_DATA PROVIDED:_
● ● ●

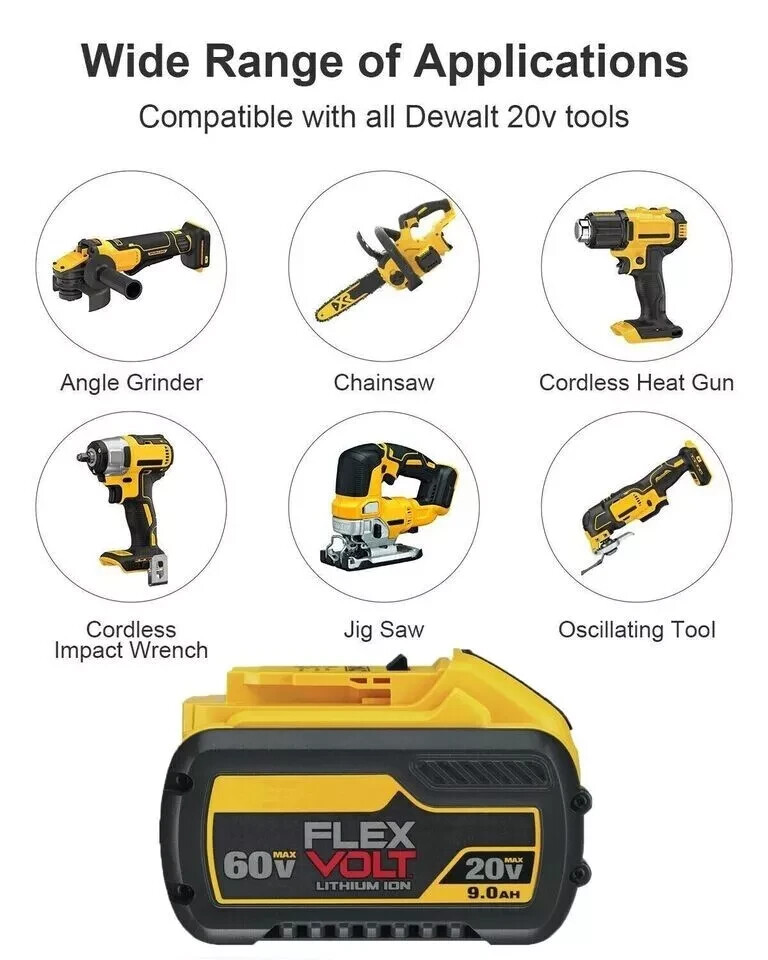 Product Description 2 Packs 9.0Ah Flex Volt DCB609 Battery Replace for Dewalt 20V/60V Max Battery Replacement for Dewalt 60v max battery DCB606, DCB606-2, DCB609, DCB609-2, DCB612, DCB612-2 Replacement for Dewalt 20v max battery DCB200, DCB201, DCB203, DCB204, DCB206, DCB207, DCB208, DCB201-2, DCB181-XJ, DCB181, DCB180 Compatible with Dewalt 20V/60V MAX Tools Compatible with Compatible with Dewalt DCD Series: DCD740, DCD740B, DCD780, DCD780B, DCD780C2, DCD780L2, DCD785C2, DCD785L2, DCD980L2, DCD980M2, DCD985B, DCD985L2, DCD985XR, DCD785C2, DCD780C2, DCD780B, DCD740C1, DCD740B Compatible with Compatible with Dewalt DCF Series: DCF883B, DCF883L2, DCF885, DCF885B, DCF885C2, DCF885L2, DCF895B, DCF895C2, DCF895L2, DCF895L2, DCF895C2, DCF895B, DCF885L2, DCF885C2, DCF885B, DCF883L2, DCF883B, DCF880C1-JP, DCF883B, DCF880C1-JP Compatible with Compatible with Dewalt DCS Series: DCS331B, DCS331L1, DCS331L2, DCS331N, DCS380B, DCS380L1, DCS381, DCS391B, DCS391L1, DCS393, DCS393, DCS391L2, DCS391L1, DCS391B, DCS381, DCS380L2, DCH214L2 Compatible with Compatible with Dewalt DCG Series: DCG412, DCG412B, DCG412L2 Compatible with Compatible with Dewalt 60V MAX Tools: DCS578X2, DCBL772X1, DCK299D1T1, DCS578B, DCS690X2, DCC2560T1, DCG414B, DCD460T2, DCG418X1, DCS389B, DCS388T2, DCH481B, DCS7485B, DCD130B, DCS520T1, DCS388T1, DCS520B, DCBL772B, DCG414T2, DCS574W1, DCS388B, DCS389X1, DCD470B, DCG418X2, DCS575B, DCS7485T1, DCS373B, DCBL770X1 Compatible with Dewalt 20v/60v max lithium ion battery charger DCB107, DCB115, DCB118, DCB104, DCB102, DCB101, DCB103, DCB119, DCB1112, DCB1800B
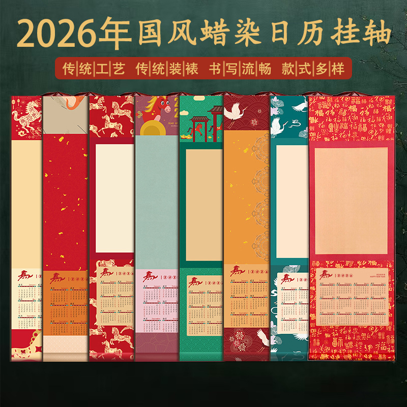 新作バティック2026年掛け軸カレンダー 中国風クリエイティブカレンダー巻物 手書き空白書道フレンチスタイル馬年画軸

● ● ●

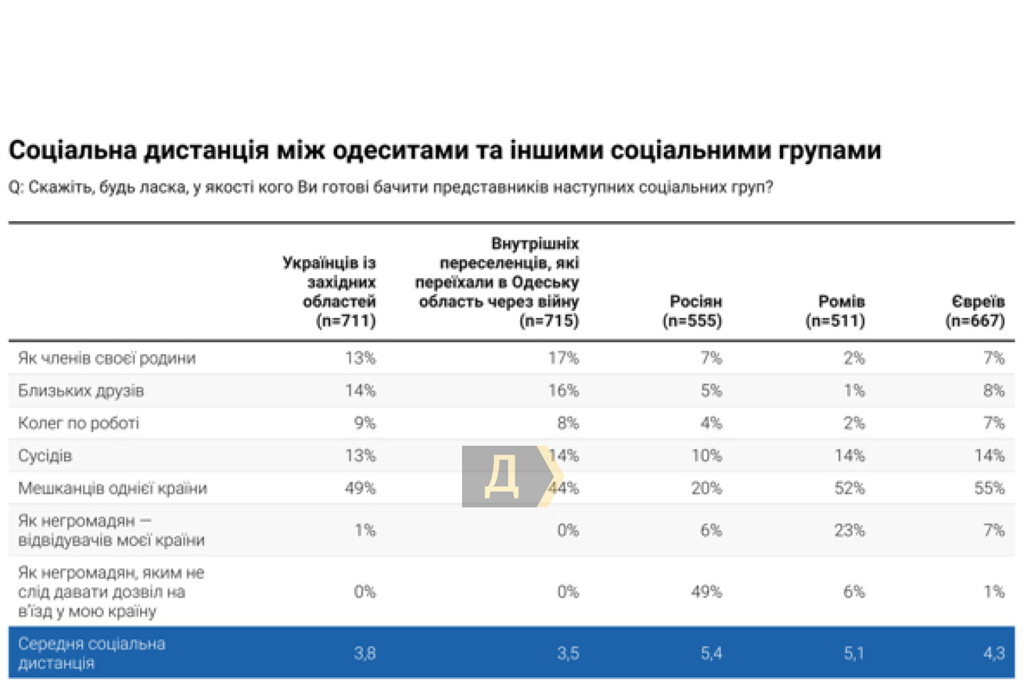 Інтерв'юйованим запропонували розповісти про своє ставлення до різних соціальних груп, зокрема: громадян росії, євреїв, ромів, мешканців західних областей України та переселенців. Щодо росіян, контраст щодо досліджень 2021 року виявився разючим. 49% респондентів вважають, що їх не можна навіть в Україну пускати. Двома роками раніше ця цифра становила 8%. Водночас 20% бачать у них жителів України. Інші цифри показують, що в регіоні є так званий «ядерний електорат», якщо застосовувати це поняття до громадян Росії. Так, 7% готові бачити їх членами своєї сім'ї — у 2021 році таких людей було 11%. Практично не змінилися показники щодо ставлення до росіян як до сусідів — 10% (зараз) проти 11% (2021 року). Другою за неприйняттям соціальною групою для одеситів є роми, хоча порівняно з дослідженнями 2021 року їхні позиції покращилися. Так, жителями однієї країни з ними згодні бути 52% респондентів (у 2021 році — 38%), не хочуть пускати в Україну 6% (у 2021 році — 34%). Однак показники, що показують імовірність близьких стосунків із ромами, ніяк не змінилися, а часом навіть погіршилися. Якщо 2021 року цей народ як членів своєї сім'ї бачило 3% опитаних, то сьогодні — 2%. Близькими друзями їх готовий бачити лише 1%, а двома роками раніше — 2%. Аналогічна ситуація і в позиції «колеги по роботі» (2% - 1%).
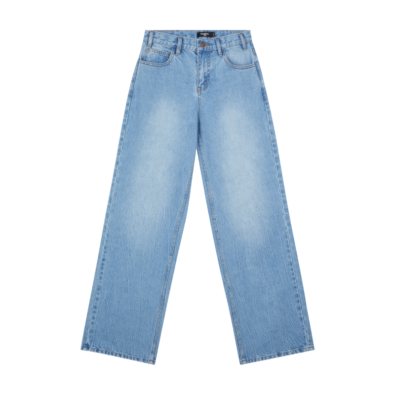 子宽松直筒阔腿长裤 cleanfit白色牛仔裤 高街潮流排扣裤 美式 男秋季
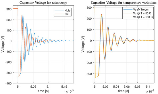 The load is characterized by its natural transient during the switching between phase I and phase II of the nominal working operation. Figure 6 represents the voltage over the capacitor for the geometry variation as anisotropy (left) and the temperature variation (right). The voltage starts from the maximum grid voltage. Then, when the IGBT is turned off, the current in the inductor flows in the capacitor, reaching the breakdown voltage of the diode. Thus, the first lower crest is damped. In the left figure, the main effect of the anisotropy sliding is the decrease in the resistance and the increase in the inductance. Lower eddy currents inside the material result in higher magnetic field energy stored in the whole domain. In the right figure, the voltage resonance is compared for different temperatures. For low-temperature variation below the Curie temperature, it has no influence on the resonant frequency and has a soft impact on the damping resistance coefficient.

● ● ●

_EXERCISE DETAILS:_ Among the entries above, find the line with "Інтерв'юйованим запропонували розповісти" and repeat exactly from there through the line with "子宽松直筒阔腿长裤 cleanfit白色牛仔裤 高街潮流排扣裤 美式 男秋季", leaving out the pictures.

_TASK RESULT:_
 Інтерв'юйованим запропонували розповісти про своє ставлення до різних соціальних груп, зокрема: громадян росії, євреїв, ромів, мешканців західних областей України та переселенців. Щодо росіян, контраст щодо досліджень 2021 року виявився разючим. 49% респондентів вважають, що їх не можна навіть в Україну пускати. Двома роками раніше ця цифра становила 8%. Водночас 20% бачать у них жителів України. Інші цифри показують, що в регіоні є так званий «ядерний електорат», якщо застосовувати це поняття до громадян Росії. Так, 7% готові бачити їх членами своєї сім'ї — у 2021 році таких людей було 11%. Практично не змінилися показники щодо ставлення до росіян як до сусідів — 10% (зараз) проти 11% (2021 року). Другою за неприйняттям соціальною групою для одеситів є роми, хоча порівняно з дослідженнями 2021 року їхні позиції покращилися. Так, жителями однієї країни з ними згодні бути 52% респондентів (у 2021 році — 38%), не хочуть пускати в Україну 6% (у 2021 році — 34%). Однак показники, що показують імовірність близьких стосунків із ромами, ніяк не змінилися, а часом навіть погіршилися. Якщо 2021 року цей народ як членів своєї сім'ї бачило 3% опитаних, то сьогодні — 2%. Близькими друзями їх готовий бачити лише 1%, а двома роками раніше — 2%. Аналогічна ситуація і в позиції «колеги по роботі» (2% - 1%).
 子宽松直筒阔腿长裤 cleanfit白色牛仔裤 高街潮流排扣裤 美式 男秋季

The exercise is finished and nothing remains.